Thirty seconds after the last shock, the reactor building was creaking as it resettled itself; the floor continued to tremble slightly. Herm took off his glasses and polished them on his necktie. Then he righted his chair, sat down and studied the control panel slowly and meticulously. Everything was normal. He got up and opened the door to the cold porch, went through and looked down the tunnel.
Shadows pounced at him and retreated as the tunnel lamps swung back and forth. Boxes, crates and drums that had been stacked along the walls were piled over the duckboards. Far down the tunnel something fell with the sound of breaking glass.
Herm went back inside; his glasses misted over at once. “Oh, for goodness’ sake,” he snapped, yanking them off. He bent myopically close to the telephone and punched Hugh’s number. After five rings someone picked it up. “Yes.”
“Oh, is that you, Carter? It’s Herm.”
“Anything serious?”
“Oh, not really. The reactor’s all right. What was that — an explosion?”
“Damned if I know. Maybe it was Steve’s earthquake. Hugh’s out checking the whole station.”
“He’ll have trouble reaching me. The tunnel’s blocked.”
“Did it collapse?”
“Heavens, no. Just the stuff stored along the walls. It’s a pretty mess.”

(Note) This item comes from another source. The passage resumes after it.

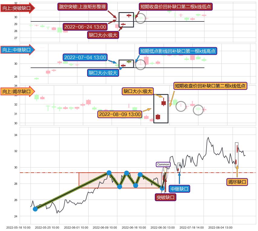 ➣ 跳空后首先朝【突破反向回撤】方向,之后缺口再次起到影响朝【突破目标达成】方向

“Good. We’ll get to you as soon as we can. But the end of Tunnel A fell in on the radio shack.”
“No! Anyone hurt?”
“Don’t know yet. I’ll get back to you.”
Herm put down the phone. Then he put on his glasses, retrieved the kettle and made himself a pot of tea. He had to hold the pot with both hands while he poured, and even then some of the tea spilled. Herm wasn’t sure whether he was scared or merely excited.

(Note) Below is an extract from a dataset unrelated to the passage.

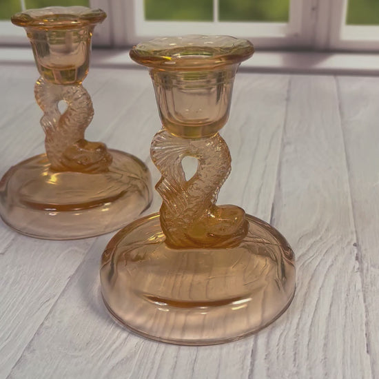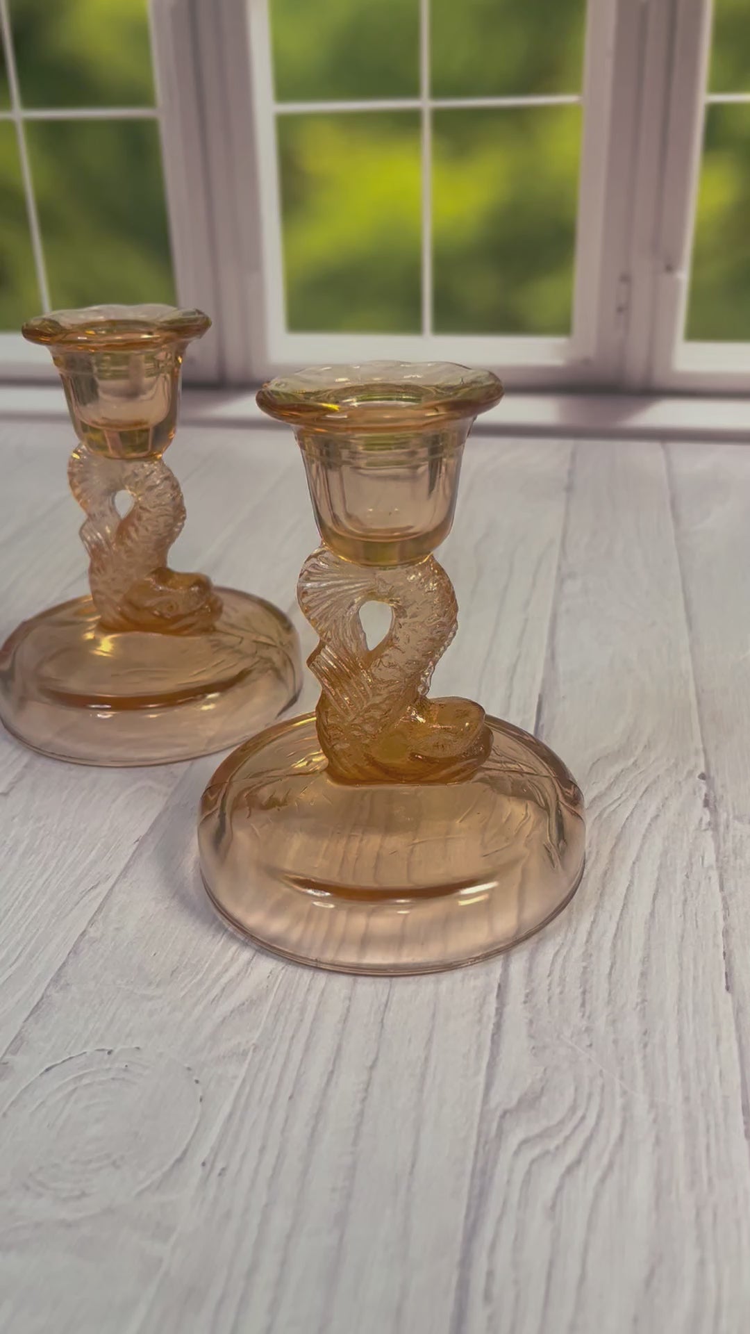 Pink Dolphin Depression Glass Candlesticks – Set of Two

Somehow Suzy carried Terry from the kitchen to the infirmary. Katerina was in the doorway, zipping up her anorak.
“He’s burned. He’s burned. Oh God, he’s burned.”
Katerina helped carry him inside. Terry was in shock; his trousers were soaked with the soup that had splashed boiling from the kettles when they fell off the stove. Beans, rice, tomatoes and onions steamed on the table as Katerina carefully cut the soaked cloth away from his legs.